▶ **WHAT IS NEEDED**:
Each line from the one that holds "TABELA 2019 de publicidade" to the end of the entries is to be given again exactly. Do not include pictures.

━━ THE RECORDS

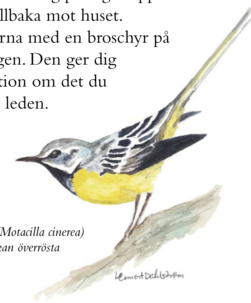
Forsärlans ( Motacilla cinerea ) starka läte kan överrösta forsens brus

Leden börjar på gårdsplanen. Den är rödmarkerad och är 2,5 km lång. Du går först längs Fylleån. Här är leden delvis spångad. Sedan går den längs naturbetesmarker och skog på stigar upp över heden tillbaka mot huset. – Tag gärna med en broschyr på vandringen. Den ger dig information om det du ser längs leden.
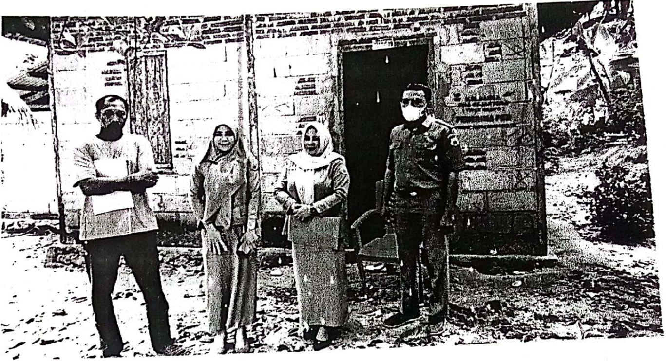
Ket: Lokasi desa E'erinere 2023
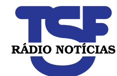
TABELA 2019 de publicidade
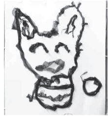
海藻おしばの作品例
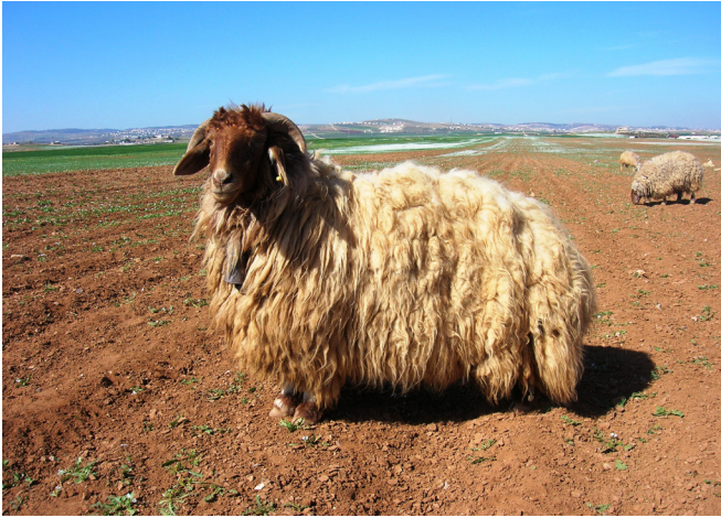
FIGURA 1. Carnero adulto Awassi cubierto de lana FIGURE 1. Mature Awassi ram with full fleece.

━━━━

▶ **PROBLEM SOLUTION**:
TABELA 2019 de publicidade
海藻おしばの作品例
FIGURA 1. Carnero adulto Awassi cubierto de lana FIGURE 1. Mature Awassi ram with full fleece.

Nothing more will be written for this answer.